Poll roundup: Presidential race opens up as election day nears
Nov 1, 2012, 6:34 AM | Updated: 1:11 pm
We’re now only five days away from election day. The campaigns are back in full swing after taking a short break to deal with the hurricane. The first question on everyone’s mind is “Will Hurricane Sandy have any effect on the presidential polls?” The answer is yes, but not in the way you might have thought.
The real impact is that there have been fewer polls! Both Gallup and Rasmussen suspended their national polls for a few days to let us get over Hurricane Sandy a bit.
But still, Real Clear Politics, which takes an average of all the major polls, continues to churn out results. They show Romney and Obama tied at 47.6 percent each.
My reading of those results is: The closer Election Day gets, the more open the presidential race seems.
In the all-important Electoral College, Real Clear Politics a month ago had only seven toss-up states – a mere 82 undecided electoral votes.
Now, only five days out, Real Clear Politics has 11 toss-up states and a whopping 146 electoral votes up for grabs.
Most of those new toss-up states have come from the president’s side, in Michigan, Pennsylvania, and Wisconsin, but Real Clear Politics has also just moved North Carolina out of the “for sure” Romney column – so both sides are taking hits.
Clearly, the race is not only tightening, it’s broadening.
The Obama campaign has been playing a lot of defense this week. It sent its number one surrogate Bill Clinton to Minnesota of all places.
Vice President Joe Biden is spending time in Pennsylvania. And the president is heading to Wisconsin Thursday.
Those are all states Obama had hoped to have nailed down by now.
Every day the president, Bill Clinton, and Joe Biden have to spend defending Wisconsin, and Pennsylvania, and Michigan and Minnesota is a day they’re not spending in all-important Ohio.
So how goes Ohio? Ohio is still the big battle zone, and Obama’s supposed firewall – with the president holding a small but persistent two point lead. But for the first time, one poll this week, Rasmussen, actually put Romney in the lead there – by two points. Is that a sign of things to come?

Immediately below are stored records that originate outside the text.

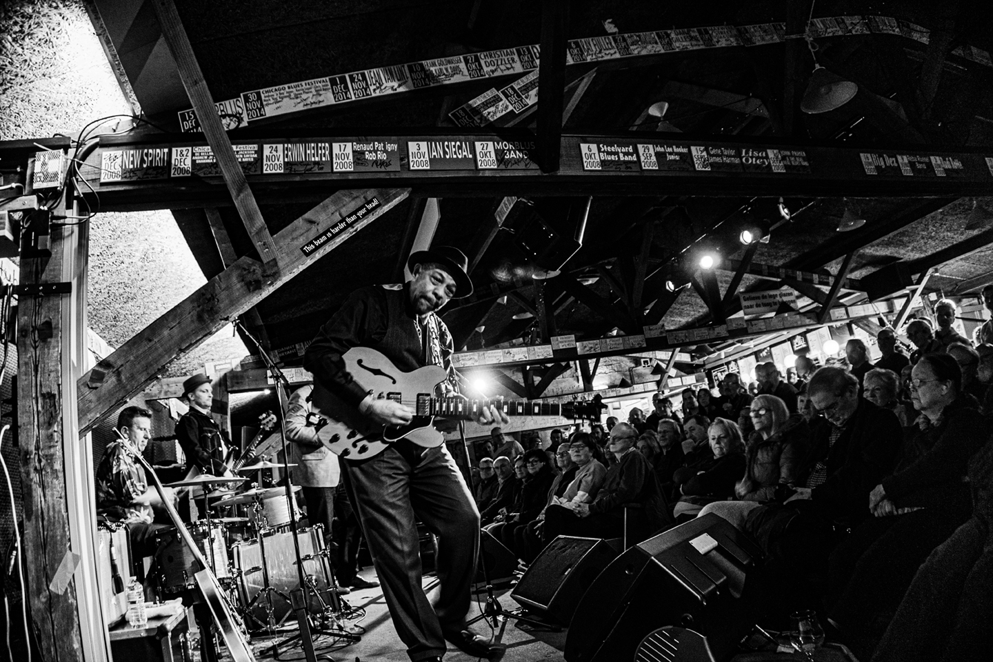 De Banana Peel was tot in de nok gevuld met bluesfans allerhande uit heel het land. Primer heeft dan ook een trackrecord die leest als een encyclopedie van de blues. Speelde onder andere bij Junior Wells, Muddy Waters en Willie Dixon’s Chicago All Stars en is sinds midden jaren 90 solo bezig. In Ruiselede was de strakke ritmesectie Frans en op mondharmonica Giles Robson, een imposante Brit met brillantinekuif, die net uit The Sopranos kwam weggelopen.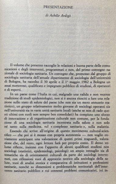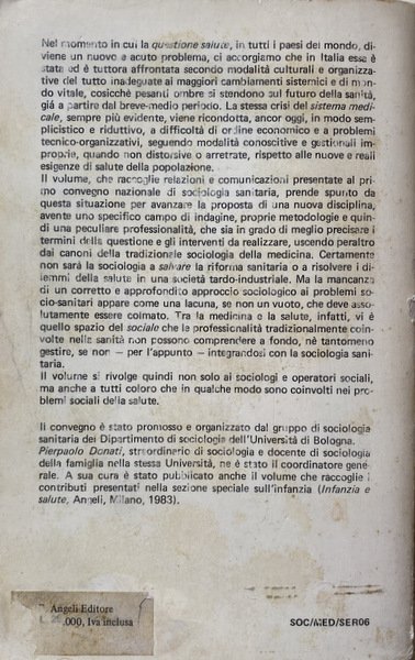 Il volume, che raccoglie relazioni e comunicazioni presentate al primo convegno nazionale di sociologia sanitaria, prende spunto da questa situazione per avanzare la proposta di una nuova disciplina, avente uno specifico campo di indagine, proprie metodologie e quindi una peculiare professionalità, che sia in grado di meglio precisare i termini della questione e gli interventi da realizzare, uscendo peraltro dai canoni della tradizionale sociologia della medicina. Certamente non sarà la sociologia a salvare la riforma sanitaria o a risolvere i di lemmi della salute in una società tardo-industriale. Ma la mancanza di un corretto e approfondito approccio sociologico ai problemi sociosanitari appare come una lacuna, se non un vuoto, che deve assolutamente essere colmato.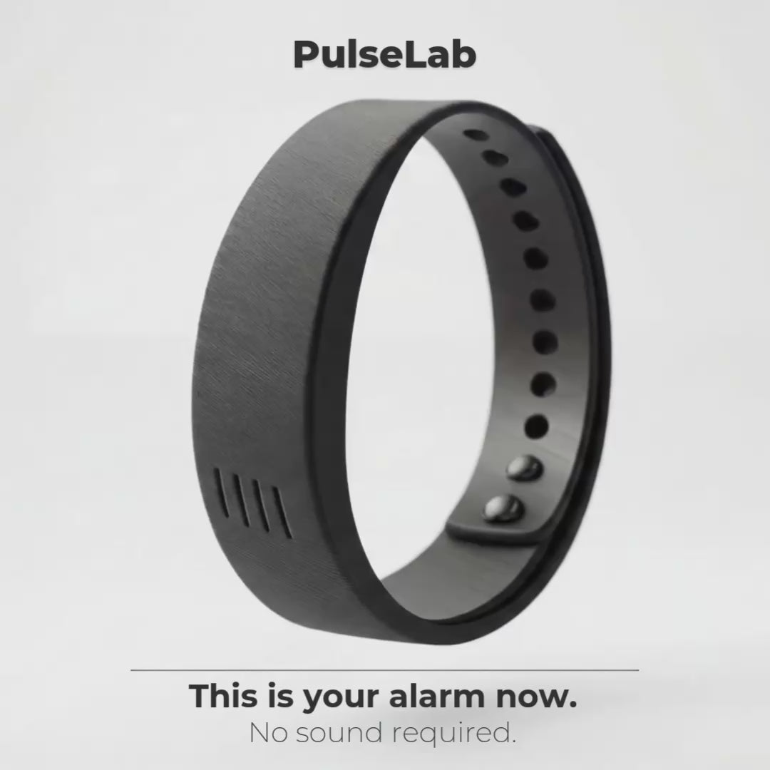 The PulseLab Wake-Up Band™ delivers a focused vibration that wakes you reliably without loud alarms or complicated tech.

Could be? But just on Wednesday, a new Quinnipiac poll has the president up by five in Ohio. So maybe, just maybe, the Dems feel like they can risk shoring up places like Pennsylvania, Wisconsin, and Minnesota. But if Ohio does steady for the president, Michigan is all of a sudden wobbly for him. A Detroit News poll has Obama’s lead cut to under 3 percent. Michigan, the heart of auto bailout country, that’s got to be a concern.
But the Romney campaign has to be concerned with the latest Quinnipiac poll out of Florida. That has Romney up by only one point. So when Romney resumed campaigning Thursday, after a one day hiatus for the storm, he of course was in Florida.

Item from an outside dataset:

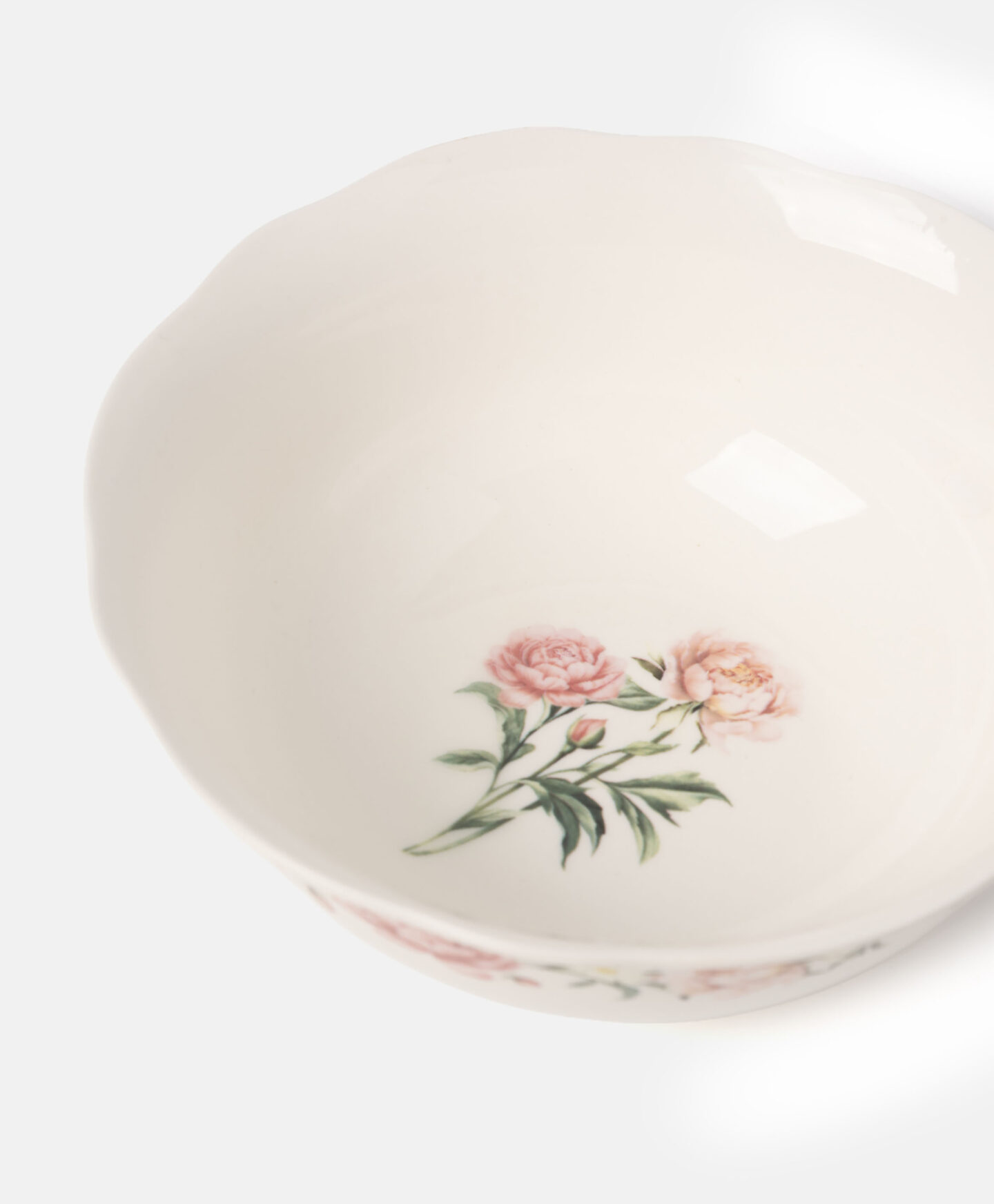Mala keramička zdjela s cvjetnim uzorkom očarava svojim dizajnom. Napravljena je od New Bone China porcelana s kremasto bijelim sjajem. Odličan je izbor za elegantno posuđe po razumnoj cijeni. U ponudi su dostupni i odgovarajući tanjiri i čajnik.

New Wall Street Journal/NBC battleground state polls out show the president up in Wisconsin by three, New Hampshire by two, Iowa by six, and Pennsylvania by four.
Pundit Joe Klein wrote this week – anyone who claims to know who the winner will be next Tuesday is just blowing smoke.
But just an hour ago, Time Magazine’s John Halperin said that in the last two days, insiders from both campaigns are starting to think that Obama’s tiny but persistent leads in so many of these battleground states means “the president may have this.”
We’ll know in five days, or six, or seven, or ten.